### Required work:
Your copy of the data should match it exactly, leaving out only the pictures.

### Collected material:
------------------------------------------------------------------------

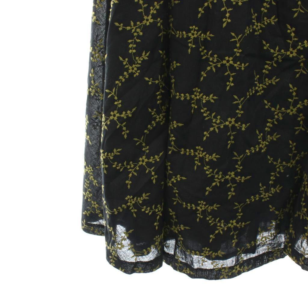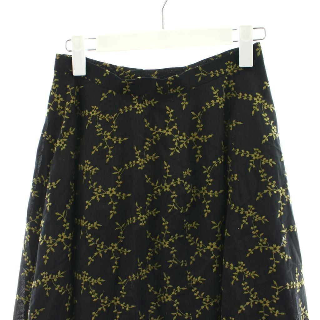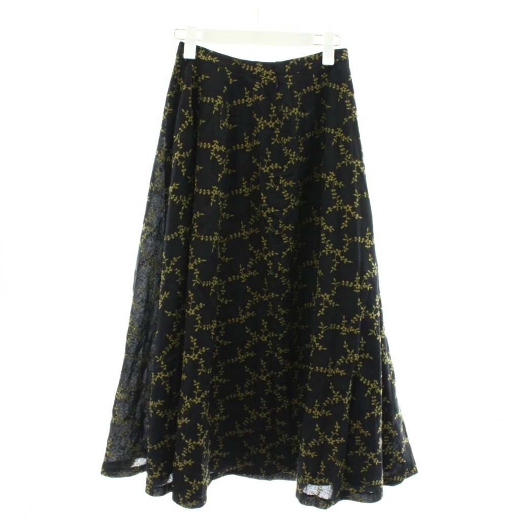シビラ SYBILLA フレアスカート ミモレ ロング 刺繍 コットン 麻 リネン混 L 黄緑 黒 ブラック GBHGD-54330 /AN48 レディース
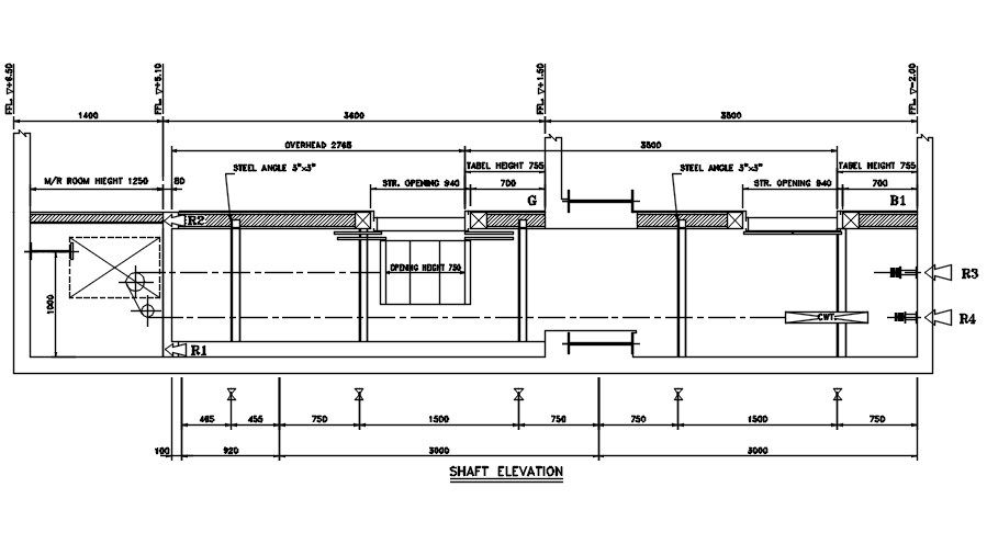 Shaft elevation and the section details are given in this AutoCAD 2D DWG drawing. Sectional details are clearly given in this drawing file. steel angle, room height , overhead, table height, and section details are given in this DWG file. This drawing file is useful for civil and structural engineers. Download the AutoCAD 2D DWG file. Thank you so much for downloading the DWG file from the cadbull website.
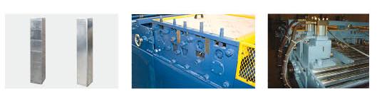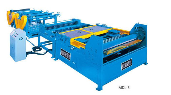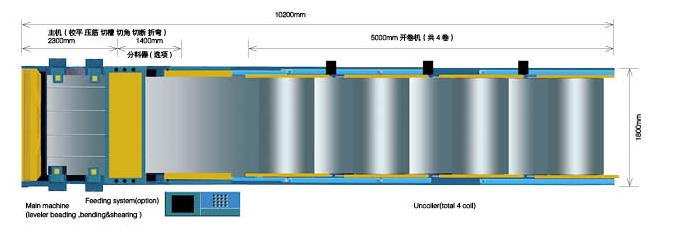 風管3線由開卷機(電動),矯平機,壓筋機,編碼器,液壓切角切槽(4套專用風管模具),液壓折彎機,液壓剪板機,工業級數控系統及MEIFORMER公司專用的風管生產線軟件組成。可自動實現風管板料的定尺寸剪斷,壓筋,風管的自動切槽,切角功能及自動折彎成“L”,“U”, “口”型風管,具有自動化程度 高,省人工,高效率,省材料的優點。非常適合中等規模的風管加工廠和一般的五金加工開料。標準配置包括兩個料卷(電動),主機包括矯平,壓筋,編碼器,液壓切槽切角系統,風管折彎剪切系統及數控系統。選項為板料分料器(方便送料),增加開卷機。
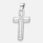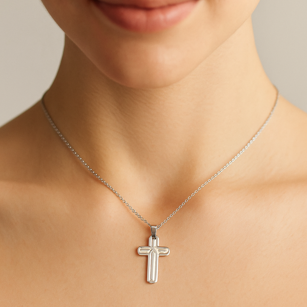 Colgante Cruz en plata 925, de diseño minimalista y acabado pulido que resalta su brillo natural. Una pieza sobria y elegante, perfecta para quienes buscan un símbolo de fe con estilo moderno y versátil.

------------------------------------------------------------------------

### Output below:
シビラ SYBILLA フレアスカート ミモレ ロング 刺繍 コットン 麻 リネン混 L 黄緑 黒 ブラック GBHGD-54330 /AN48 レディース
 Shaft elevation and the section details are given in this AutoCAD 2D DWG drawing. Sectional details are clearly given in this drawing file. steel angle, room height , overhead, table height, and section details are given in this DWG file. This drawing file is useful for civil and structural engineers. Download the AutoCAD 2D DWG file. Thank you so much for downloading the DWG file from the cadbull website.
 風管3線由開卷機(電動),矯平機,壓筋機,編碼器,液壓切角切槽(4套專用風管模具),液壓折彎機,液壓剪板機,工業級數控系統及MEIFORMER公司專用的風管生產線軟件組成。可自動實現風管板料的定尺寸剪斷,壓筋,風管的自動切槽,切角功能及自動折彎成“L”,“U”, “口”型風管,具有自動化程度 高,省人工,高效率,省材料的優點。非常適合中等規模的風管加工廠和一般的五金加工開料。標準配置包括兩個料卷(電動),主機包括矯平,壓筋,編碼器,液壓切槽切角系統,風管折彎剪切系統及數控系統。選項為板料分料器(方便送料),增加開卷機。
 Colgante Cruz en plata 925, de diseño minimalista y acabado pulido que resalta su brillo natural. Una pieza sobria y elegante, perfecta para quienes buscan un símbolo de fe con estilo moderno y versátil.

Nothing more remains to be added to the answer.